Situated at Balanga local government area of Gombe State, Balanga dam lies on latitude 10o 16’N and longitude 11o 16’E of the Greenwich meridian. It is bordered by Reme, Tula, Dong, and Junge villages respectively. It is one of the so many dams built by the Shagari administration in the early 1980s on river Gongola. It was built with the goal of providing water for irrigation practice and electricity. Currently, Balanga Dam provides water for irrigating over 1000 hectares of farmland, and more interestingly, fishing activities are taking place in the dam throughout the year. However, intermittent disruption of governance over the years stalled the progress of most of such dams across the country.

Balanga DamThe dam that is blessed with huge volumes of water stretching about 20km from the villages of Balanga, Gelengu and Reme districts, can still be put into good use provided the enabling environment is guaranteed.

Investigations reveal that the dam generates about 11 Kilowatts of electricity, which is seen to be more than the requirement of Gombe State and its neighbors, it’s excess can also be sold to other consumers in order to earn more revenue for the state.

Balanga is said to be diverse in terms of fish species abundance with up to 17 species identified during some preliminary findings. There is high fish abundance in the months of May, June through July of every year as compared to other months. The information on water quality and general well-being (condition factor) of the fish species is highly needed in order to maintain the welfare of the fishes and ascertain the general productivity of the dam.

Aside from the capability of the dam to generate electricity, it can also be turned into a tourist destination. If the beautiful mountainous landscape surrounding the dam is taken into consideration, a kind of holiday resort can be built for relaxation and tourism.

Having studied all these, Balanga dam, among other reservoirs across the country is immersed with endless challenges and problems. The agricultural potentials so far have not been judiciously harnessed, apart from the training farming during the raining season, there is no much business going on at the Balanga banks.

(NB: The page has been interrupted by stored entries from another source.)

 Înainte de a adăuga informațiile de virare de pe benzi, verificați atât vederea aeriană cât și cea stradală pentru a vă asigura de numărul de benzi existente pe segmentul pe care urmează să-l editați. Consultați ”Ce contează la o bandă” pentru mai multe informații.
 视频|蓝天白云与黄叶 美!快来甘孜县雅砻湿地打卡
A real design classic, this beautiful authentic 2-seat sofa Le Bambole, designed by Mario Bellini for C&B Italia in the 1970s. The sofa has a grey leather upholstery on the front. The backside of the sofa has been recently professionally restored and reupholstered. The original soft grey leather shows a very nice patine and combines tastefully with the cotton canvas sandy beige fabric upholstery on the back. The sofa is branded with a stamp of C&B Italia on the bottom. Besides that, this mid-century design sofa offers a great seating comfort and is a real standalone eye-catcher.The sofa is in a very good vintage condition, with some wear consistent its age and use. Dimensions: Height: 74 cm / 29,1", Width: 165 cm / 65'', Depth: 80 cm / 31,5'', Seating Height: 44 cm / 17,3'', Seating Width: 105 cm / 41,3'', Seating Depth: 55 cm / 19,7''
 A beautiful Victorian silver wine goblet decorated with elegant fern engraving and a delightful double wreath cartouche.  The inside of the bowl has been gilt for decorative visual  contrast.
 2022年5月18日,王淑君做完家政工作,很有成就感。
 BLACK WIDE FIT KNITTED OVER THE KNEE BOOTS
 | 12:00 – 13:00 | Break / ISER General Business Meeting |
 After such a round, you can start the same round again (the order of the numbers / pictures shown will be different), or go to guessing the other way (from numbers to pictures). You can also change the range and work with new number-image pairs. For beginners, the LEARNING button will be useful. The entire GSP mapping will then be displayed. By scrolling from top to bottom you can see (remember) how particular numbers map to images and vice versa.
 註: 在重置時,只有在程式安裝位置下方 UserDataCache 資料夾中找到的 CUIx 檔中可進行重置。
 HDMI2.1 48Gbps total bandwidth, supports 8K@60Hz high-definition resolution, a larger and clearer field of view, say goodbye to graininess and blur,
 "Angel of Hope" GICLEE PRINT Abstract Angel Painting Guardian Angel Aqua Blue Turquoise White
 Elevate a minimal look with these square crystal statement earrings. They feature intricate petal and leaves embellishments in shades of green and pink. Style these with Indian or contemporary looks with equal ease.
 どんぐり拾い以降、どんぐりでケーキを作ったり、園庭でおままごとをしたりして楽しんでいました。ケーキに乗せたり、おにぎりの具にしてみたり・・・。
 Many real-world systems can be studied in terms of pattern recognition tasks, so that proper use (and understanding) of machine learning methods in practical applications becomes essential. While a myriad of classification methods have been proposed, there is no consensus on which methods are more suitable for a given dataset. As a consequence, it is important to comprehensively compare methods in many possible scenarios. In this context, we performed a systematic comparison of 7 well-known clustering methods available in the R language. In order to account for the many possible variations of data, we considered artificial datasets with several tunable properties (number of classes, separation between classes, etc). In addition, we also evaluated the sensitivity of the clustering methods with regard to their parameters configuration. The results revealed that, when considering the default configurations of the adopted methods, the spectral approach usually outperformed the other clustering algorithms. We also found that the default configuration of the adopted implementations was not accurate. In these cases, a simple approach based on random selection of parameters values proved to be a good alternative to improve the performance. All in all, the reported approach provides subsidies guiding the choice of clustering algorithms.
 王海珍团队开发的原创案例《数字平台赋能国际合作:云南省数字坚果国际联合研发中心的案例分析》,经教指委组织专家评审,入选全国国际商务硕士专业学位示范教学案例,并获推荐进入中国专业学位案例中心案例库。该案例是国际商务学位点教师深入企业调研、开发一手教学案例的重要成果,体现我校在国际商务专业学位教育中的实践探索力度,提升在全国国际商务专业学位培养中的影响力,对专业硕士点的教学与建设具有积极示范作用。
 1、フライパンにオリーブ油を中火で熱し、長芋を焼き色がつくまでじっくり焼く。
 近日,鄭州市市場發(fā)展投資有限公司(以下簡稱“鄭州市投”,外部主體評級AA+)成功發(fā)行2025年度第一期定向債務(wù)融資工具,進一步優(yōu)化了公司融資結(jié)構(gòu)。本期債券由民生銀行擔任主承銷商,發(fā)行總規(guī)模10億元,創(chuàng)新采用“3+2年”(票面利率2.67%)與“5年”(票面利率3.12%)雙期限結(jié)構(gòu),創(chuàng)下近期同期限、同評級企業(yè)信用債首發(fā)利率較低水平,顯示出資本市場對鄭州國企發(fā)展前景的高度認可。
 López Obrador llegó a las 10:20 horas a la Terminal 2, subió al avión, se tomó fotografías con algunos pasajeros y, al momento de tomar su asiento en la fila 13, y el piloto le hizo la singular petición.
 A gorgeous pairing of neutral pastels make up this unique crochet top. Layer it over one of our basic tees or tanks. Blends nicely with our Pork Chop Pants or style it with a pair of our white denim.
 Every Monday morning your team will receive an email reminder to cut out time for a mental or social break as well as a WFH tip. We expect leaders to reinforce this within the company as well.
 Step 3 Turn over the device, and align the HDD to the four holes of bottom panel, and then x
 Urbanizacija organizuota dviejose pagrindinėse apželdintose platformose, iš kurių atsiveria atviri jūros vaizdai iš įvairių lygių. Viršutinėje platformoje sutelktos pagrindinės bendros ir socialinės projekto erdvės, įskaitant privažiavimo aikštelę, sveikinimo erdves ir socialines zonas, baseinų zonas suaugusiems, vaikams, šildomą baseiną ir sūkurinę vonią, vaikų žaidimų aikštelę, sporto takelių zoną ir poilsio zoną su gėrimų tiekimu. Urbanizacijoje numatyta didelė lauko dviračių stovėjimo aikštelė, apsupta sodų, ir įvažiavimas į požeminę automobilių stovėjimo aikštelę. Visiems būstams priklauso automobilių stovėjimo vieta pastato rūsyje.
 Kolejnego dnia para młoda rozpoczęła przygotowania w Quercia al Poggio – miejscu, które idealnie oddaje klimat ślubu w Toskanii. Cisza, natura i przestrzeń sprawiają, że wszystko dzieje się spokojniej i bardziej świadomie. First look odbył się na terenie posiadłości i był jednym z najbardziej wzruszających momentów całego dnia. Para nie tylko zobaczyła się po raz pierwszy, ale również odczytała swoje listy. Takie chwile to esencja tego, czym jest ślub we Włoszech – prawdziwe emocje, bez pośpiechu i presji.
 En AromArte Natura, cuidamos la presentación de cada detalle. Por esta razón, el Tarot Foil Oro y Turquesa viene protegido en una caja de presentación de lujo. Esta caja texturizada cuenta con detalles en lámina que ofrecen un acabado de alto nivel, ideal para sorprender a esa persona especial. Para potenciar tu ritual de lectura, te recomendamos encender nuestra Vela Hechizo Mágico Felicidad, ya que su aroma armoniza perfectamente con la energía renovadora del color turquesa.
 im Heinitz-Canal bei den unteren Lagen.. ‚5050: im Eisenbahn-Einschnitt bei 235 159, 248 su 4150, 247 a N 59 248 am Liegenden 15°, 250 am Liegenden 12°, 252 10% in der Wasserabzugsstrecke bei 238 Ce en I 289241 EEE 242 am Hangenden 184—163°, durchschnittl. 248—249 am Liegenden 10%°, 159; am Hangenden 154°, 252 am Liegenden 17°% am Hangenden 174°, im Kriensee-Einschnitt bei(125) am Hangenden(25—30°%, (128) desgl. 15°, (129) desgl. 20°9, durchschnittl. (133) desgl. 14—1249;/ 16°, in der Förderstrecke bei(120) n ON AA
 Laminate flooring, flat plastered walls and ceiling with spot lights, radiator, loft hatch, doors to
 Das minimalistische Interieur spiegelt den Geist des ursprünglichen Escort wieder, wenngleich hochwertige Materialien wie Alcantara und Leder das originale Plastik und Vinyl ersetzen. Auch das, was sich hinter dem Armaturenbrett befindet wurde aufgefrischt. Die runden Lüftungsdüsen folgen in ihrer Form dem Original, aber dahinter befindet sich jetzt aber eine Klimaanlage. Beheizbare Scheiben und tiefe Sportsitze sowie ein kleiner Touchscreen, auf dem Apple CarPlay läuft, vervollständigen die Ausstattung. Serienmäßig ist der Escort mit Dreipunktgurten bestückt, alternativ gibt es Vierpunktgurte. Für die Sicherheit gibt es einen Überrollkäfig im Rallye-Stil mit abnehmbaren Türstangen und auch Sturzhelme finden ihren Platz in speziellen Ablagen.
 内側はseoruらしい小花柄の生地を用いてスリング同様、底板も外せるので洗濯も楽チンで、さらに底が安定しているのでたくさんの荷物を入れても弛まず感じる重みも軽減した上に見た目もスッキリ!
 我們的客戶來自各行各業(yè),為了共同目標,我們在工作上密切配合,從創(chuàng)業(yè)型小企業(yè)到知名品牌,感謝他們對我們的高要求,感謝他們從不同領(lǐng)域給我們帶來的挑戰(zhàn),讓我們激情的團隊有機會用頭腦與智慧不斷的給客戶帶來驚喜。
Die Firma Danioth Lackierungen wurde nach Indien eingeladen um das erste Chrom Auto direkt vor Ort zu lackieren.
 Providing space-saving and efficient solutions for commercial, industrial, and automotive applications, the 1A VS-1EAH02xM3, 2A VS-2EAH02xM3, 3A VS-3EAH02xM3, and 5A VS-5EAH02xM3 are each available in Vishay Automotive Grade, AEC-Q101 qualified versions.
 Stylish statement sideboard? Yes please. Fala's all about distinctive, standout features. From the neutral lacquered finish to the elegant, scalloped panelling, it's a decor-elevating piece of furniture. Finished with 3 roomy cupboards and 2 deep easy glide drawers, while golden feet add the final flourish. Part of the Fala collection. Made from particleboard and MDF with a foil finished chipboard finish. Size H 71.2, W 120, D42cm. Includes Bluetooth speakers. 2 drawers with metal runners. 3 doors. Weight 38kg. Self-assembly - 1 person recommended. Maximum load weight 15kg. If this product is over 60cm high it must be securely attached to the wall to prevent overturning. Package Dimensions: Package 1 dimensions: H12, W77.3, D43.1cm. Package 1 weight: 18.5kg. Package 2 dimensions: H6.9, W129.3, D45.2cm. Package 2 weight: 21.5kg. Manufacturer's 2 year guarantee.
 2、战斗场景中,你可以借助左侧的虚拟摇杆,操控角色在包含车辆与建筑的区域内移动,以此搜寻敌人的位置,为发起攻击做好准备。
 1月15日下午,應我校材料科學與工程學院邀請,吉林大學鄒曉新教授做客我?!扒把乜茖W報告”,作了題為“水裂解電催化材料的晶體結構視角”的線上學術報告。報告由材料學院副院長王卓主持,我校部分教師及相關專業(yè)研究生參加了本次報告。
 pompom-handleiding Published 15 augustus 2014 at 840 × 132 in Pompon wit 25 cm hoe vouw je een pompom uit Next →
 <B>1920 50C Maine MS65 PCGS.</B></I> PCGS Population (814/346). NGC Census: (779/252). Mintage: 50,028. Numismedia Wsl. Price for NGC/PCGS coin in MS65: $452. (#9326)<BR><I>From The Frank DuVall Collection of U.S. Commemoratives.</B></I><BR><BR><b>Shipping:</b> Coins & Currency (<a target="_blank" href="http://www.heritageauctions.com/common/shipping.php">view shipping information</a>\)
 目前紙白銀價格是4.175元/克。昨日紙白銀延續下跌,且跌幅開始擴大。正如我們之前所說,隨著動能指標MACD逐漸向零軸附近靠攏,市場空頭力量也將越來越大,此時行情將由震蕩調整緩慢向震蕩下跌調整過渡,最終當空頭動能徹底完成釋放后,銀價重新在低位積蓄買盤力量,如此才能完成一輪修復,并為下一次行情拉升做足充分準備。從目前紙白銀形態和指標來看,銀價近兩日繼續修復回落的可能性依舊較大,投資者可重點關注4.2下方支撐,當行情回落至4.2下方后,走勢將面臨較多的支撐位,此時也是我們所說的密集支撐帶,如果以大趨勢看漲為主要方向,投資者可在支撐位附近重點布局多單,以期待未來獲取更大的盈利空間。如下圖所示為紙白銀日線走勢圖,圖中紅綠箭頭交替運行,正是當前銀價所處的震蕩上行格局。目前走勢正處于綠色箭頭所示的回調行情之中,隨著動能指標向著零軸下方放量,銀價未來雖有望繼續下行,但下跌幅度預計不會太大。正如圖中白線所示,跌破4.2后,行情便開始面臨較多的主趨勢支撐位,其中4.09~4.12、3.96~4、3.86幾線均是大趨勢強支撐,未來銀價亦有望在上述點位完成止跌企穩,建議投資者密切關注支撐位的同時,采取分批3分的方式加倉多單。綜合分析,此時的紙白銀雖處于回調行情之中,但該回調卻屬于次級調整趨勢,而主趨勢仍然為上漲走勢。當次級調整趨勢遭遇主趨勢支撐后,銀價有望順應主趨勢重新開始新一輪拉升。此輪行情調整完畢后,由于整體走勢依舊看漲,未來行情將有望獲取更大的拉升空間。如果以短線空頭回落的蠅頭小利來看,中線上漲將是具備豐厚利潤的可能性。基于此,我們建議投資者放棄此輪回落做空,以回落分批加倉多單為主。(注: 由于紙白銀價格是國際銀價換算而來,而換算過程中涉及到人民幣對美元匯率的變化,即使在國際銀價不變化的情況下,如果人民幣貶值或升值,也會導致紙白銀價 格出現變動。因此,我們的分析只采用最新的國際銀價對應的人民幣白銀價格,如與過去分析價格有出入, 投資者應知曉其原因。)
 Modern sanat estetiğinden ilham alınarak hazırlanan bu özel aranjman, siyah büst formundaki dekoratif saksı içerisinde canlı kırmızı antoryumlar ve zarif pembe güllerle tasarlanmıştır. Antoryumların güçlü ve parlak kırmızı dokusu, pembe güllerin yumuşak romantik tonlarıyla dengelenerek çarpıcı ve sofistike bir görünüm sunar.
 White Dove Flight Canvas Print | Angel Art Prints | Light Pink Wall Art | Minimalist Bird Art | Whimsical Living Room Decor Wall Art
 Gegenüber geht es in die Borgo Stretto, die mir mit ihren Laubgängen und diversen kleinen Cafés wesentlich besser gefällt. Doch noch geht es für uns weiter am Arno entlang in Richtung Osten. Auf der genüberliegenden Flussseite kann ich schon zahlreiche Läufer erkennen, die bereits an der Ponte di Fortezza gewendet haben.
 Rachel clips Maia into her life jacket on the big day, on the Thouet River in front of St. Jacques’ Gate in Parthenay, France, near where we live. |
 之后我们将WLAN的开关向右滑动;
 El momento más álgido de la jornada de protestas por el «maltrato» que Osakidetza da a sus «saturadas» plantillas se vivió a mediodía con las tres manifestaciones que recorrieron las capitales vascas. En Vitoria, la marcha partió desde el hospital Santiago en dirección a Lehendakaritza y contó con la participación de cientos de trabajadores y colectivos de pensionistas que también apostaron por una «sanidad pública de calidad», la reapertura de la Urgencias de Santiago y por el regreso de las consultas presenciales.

A peep into the global scene will ensure that the essence of constructing dams is primarily to impound and store water, wastewater or liquid borne materials for any of several reasons, such as flood control, human water supply, irrigation, livestock water supply, energy generation, containment of mine tailings, recreation, or pollution control. But in Nigeria, even though the World Bank has been rendering assistance in water supply since 1979, the national water supply policy is facing huge challenges of cost recovery for water and social equity.

The Hoover dam in the United States, for example, is believed to be one of the tallest on earth with Rising 726.4 feet, was founded in 1932. It was well managed by the US government and serves as America’s largest reservoir. The vision for America’s water policy and strategy of 2017 indicates that water is reserved to secure the world, where people have sustainable supplies of water of sufficient quantity and quality to meet human, economic, and ecosystem needs while managing risks from floods and droughts.

For these reasons and many others, water becomes more significant and a valuable resource in the developed countries. Not only in America, the grand Ethiopian Renaissance dam is the most massive project to date and at a cost of $6.4bn. The dam has the distinction of being Africa’s largest, which generates a whopping 6000MW of electrical energy.

With the lost energy and shortage of gas supply for thermal plants, high levels of unpaid electricity bills in Nigeria, why can’t the government ensure renovation of existing dams for water reservation in order to increase energy supply and other means?

Since we are yet to ensure the use of renewable energy, our water reservoir can be more beneficial for sustainability to meet up human, economic, and ecosystem needs. We therefore must shout loud to inform the authorities to do the needful, not only in Balanga, but they must revisit all water reservoirs in the country.

Our voices should sound deeper, we shouldn’t allow it to boom like a low, hoarse croak otherwise the tonsillitis makes it sound like we got a frog in my throat!